Admitting d'Alembert's formula with the solution

Question

How can I prove

$$ u(t,x)=\frac{1}{2}(\varphi(x+t)+\varphi(x-t))+\frac{1}{2}\int_{x-t}^{x+t}\psi(y)dy $$ satisfies the following Cauchy problem:

$$\begin{cases} \partial_{t}^{2}u-\partial_{x}^{2}u=0\\ u(0,x)=\varphi(x)\\ \partial_{t}u(0,x)=\psi(x) \end{cases} $$

Here are my results (so far):

$$ \begin{split} \partial_{t}u &= \frac{1}{2}\varphi_{t}^{,}(x+t)-\frac{1}{2}\varphi_{t}^{,}(x-t)+\frac{1}{2}\psi(x+t)+\frac{1}{2}\psi(x-t)\\ \partial_{t}^{2}u &= \frac{1}{2}\varphi_{tt}^{,,}(x+t)-\frac{1}{2}\varphi_{tt}^{,,}(x-t)+\frac{1}{2}\psi_{t}^{,}(x+t)-\frac{1}{2}\psi_{t}^{,}(x-t)\\ \partial_{x}u &= \frac{1}{2}\varphi_{x}^{,}(x+t)+\frac{1}{2}\varphi_{x}^{,}(x-t)+\frac{1}{2}\psi(x+t)-\frac{1}{2}\psi(x-t)\\ \partial_{x}^{2}u &= \frac{1}{2}\varphi_{xx}^{,,}(x+t)+\frac{1}{2}\varphi_{xx}^{,,}(x-t)+\frac{1}{2}\psi_{x}^{,}(x+t)-\frac{1}{2}\psi_{x}^{,}(x-t) \end{split} $$ Substituting into $\partial_{t}^{2}u-\partial_{x}^{2}u=0\\$, I got $\varphi_{tt}^{,,}-\varphi_{xx}^{,,}=0$.

What did I missed?

Substituting $t$ into the derivatives I also got the initial values therefore it must be correct, but how do I know $\varphi_{tt}^{,,}=\varphi_{xx}^{,,}$?
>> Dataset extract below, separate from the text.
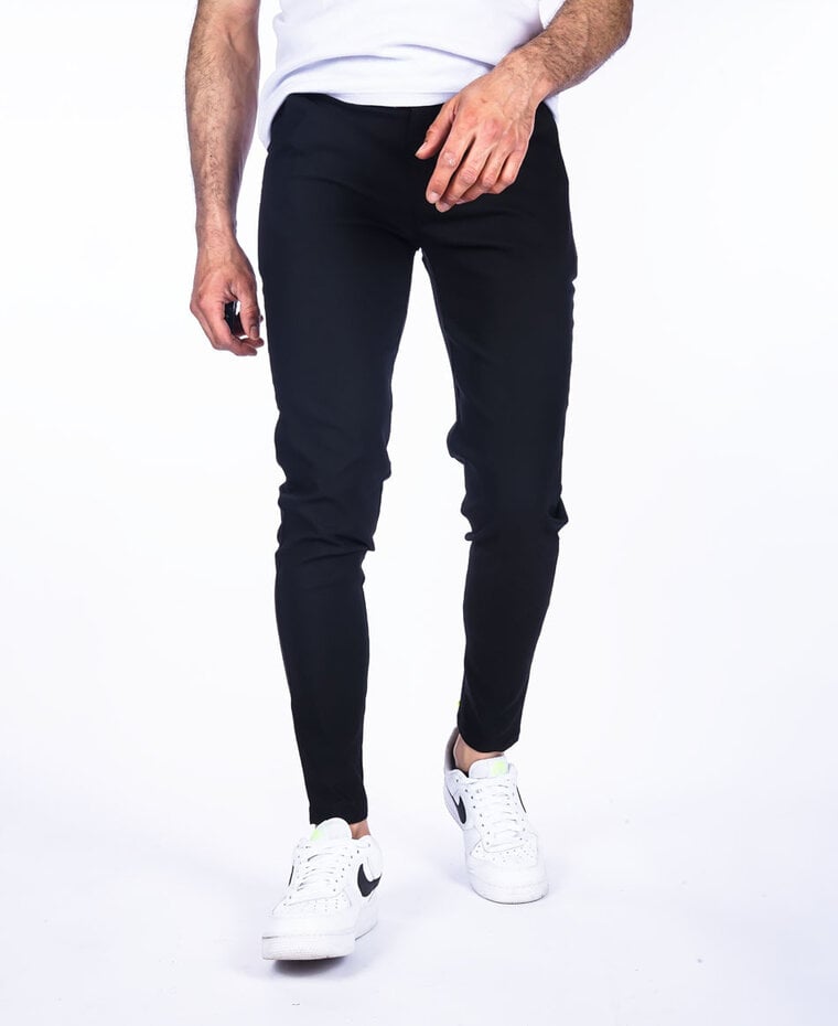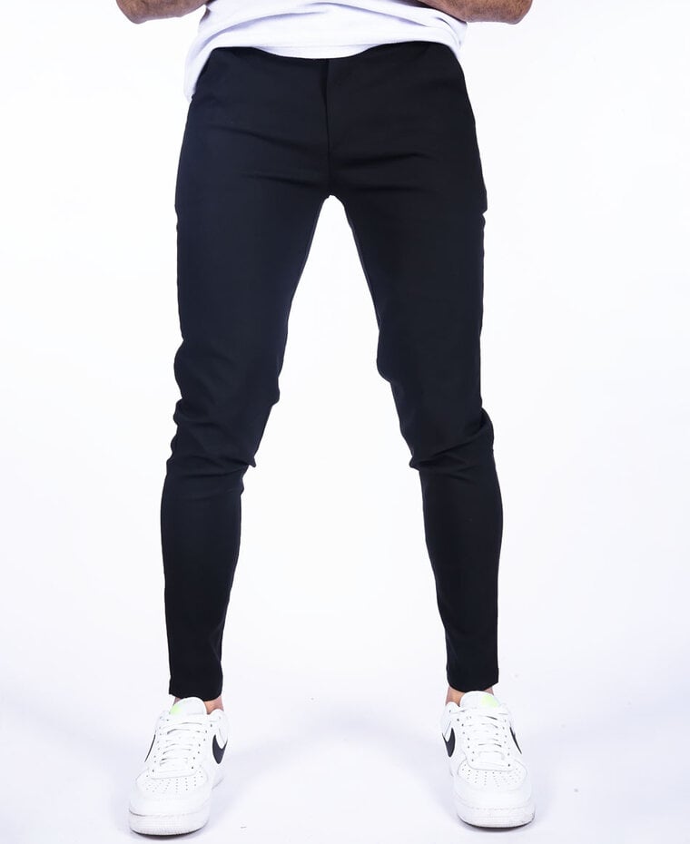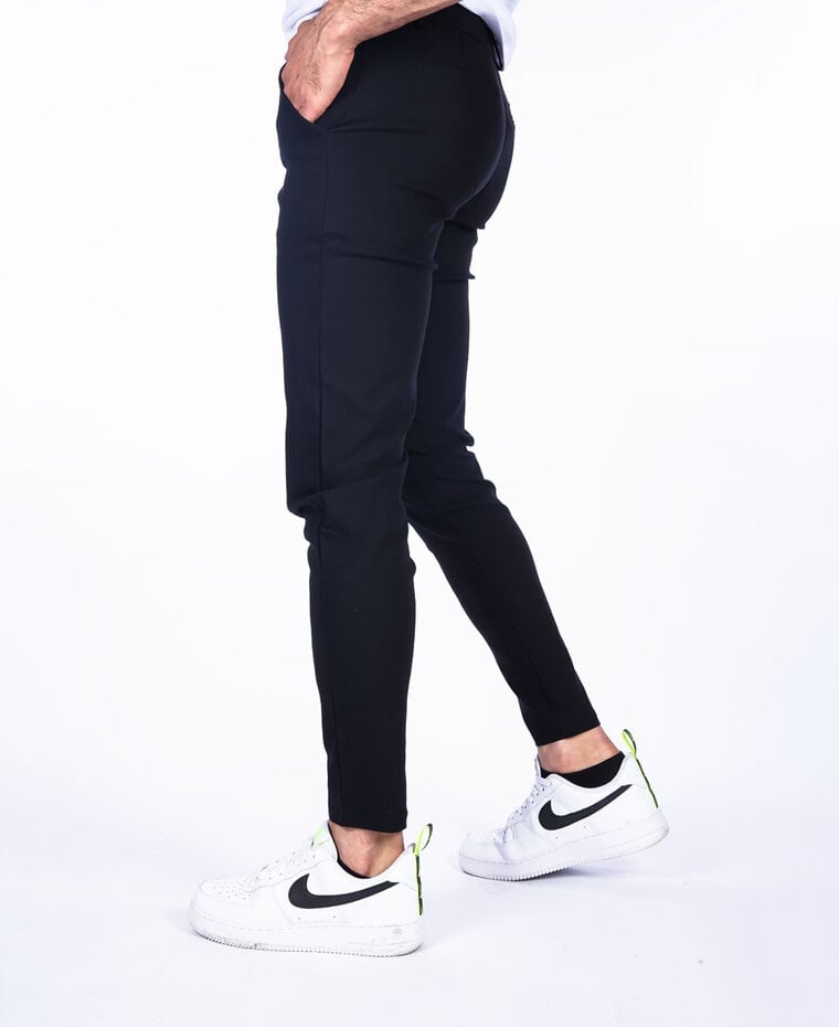Ontdek deze stijlvolle slim fit zwarte pantalon voor heren, perfect voor zowel casual als nette gelegenheden. De pantalon is gemaakt van een comfortabele stretchstof die zorgt voor optimale bewegingsvrijheid en een perfecte pasvorm. Combineer hem moeiteloos met een overhemd of T-shirt. Een must-have voor elke moderne man.

I tried to do something with the operators: $\partial_{t}^{2}-\partial_{x}^{2}=(\partial_{t}-\partial_{x})(\partial_{t}+\partial_{x})$ but it didnt help.

Sorry if the question is obvious but I really can't solve it.

Answer 1

Here are my results (so far):

$$\partial_{t}^{2}u = \frac{1}{2}\varphi_{tt}^{,,}(x+t)-\frac{1}{2}\varphi_{tt}^{,,}(x-t)+\frac{1}{2}\psi_{t}^{,}(x+t)-\frac{1}{2}\psi_{t}^{,}(x-t)$$

The $-\frac{1}{2}\varphi_{tt}^{,,}(x-t)$ term should be positive. You forgot to multiply by negative one.

Also, the notation $\varphi_{tt}^{,,}(x-t)$ is slightly confusing as you didn't specify that it means to take two partial derivatives with respect to $t$. It might be best to stick with $\varphi_{tt}$ or $\varphi''$.

We need to show that d'Alembert's formula

$$ u(t,x)=\frac{1}{2}\big(\varphi(x+t)+\varphi(x-t)\big)+\frac{1}{2}\int_{x-t}^{x+t}\psi(y)dy $$

satisfies the Cauchy problem

$$\begin{cases} \partial_{t}^{2}u-\partial_{x}^{2}u=0\\ u(0,x)=\varphi(x)\\ \partial_{t}u(0,x)=\psi(x) \end{cases} $$

Let's start with the second condition. We are given

$$ u(0,x)=\frac{1}{2}\big(\varphi(x)+\varphi(x)\big)+\frac{1}{2}\int_{x}^{x}\psi(y)dy=\varphi(x) $$

so this condition is satisfied. Next, for the third condition we apply the fundamental theorem of calculus

$$\partial_{t}u(t,x)=\frac{1}{2}\big(\varphi'(x+t)-\varphi'(x-t)\big)+\frac{1}{2}\big(\psi(x+t)+\psi(x-t)\big)$$

therefore

$$\partial_{t}u(0,x)=\frac{1}{2}\big(\varphi'(x)-\varphi'(x)\big)+\frac{1}{2}\big(\psi(x)+\psi(x)\big)=\psi(x)$$

which satisfies the third condition. To verify the first condition, we calculate three more partial derivatives

$$\partial_{t}^{2}u(t,x)=\frac{1}{2}\big(\varphi''(x+t)+\varphi''(x-t)\big)+\frac{1}{2}\big(\psi'(x+t)-\psi'(x-t)\big)$$ $$\partial_{x}u(t,x)=\frac{1}{2}\big(\varphi'(x+t)+\varphi'(x-t)\big)+\frac{1}{2}\big(\psi(x+t)-\psi(x-t)\big)$$ $$\partial_{x}^{2}u(t,x)=\frac{1}{2}\big(\varphi''(x+t)+\varphi''(x-t)\big)+\frac{1}{2}\big(\psi'(x+t)-\psi'(x-t)\big)$$

from which we see that

$$\partial_{t}^{2}u(t,x)-\partial_{x}^{2}u(t,x)=0$$

as required.